What the exercise asks –
Copy every record verbatim. Leave the pictures out.

————

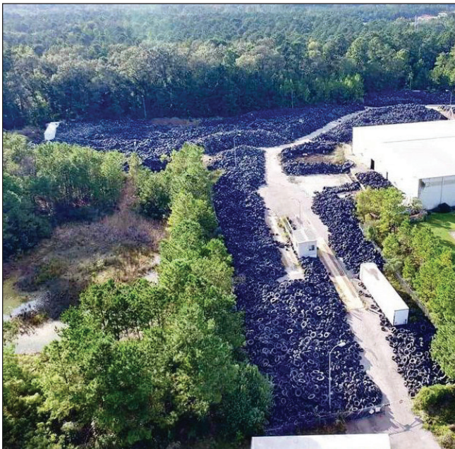
Pictured (left) is the Viva Tire Recycling Facility in 2017 – before more than 1 million tires were removed – and after cleanup (right) was completed in February 2019.
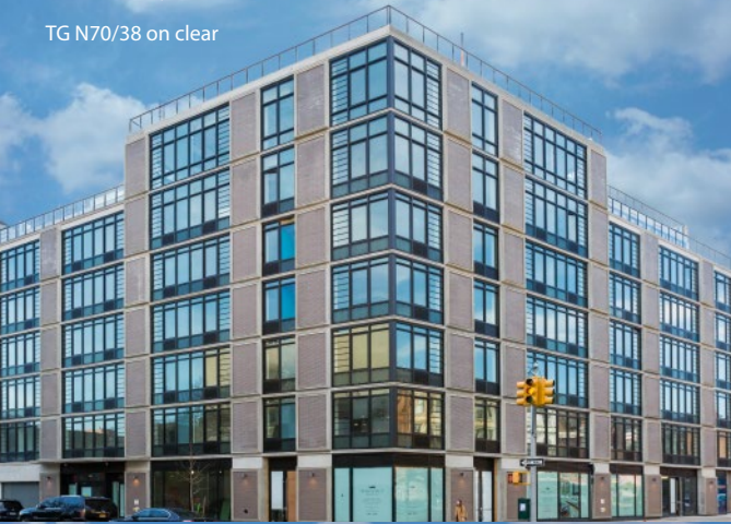
500 Waverly New York City, NY TG N70/38 on clear
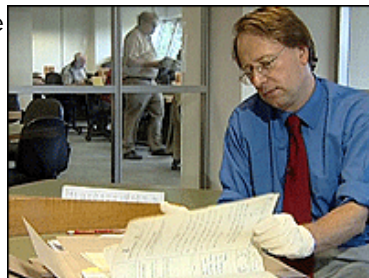
Michael Crick has used Freedom of Information to obtain secret papers

British intelligence learnt there was also a reprocessing plant and concluded "the separation of plutonium can only mean that Israel intends to produce nuclear weapons". Kelly even discovered that an Israeli observer had been allowed to watch one of the first French nuclear tests in Algeria.
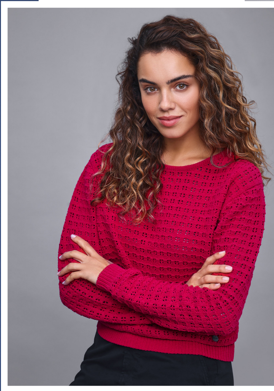
PULLOVER . 247963 X5 SKIRT . 282018 X
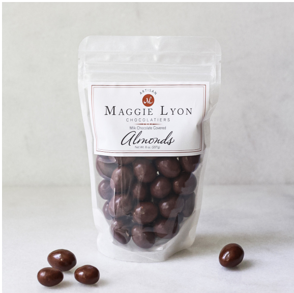
Milk Chocolate Almonds
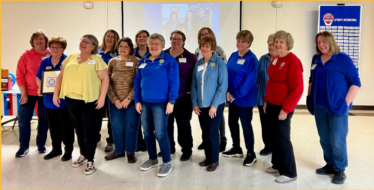
Twin City Area Optimists accept first place for the EMO District 2023-2024 Awards and Achievements honor.

————

Written solution –
Pictured (left) is the Viva Tire Recycling Facility in 2017 – before more than 1 million tires were removed – and after cleanup (right) was completed in February 2019.
500 Waverly New York City, NY TG N70/38 on clear
Michael Crick has used Freedom of Information to obtain secret papers

British intelligence learnt there was also a reprocessing plant and concluded "the separation of plutonium can only mean that Israel intends to produce nuclear weapons". Kelly even discovered that an Israeli observer had been allowed to watch one of the first French nuclear tests in Algeria.
PULLOVER . 247963 X5 SKIRT . 282018 X
Milk Chocolate Almonds
Twin City Area Optimists accept first place for the EMO District 2023-2024 Awards and Achievements honor.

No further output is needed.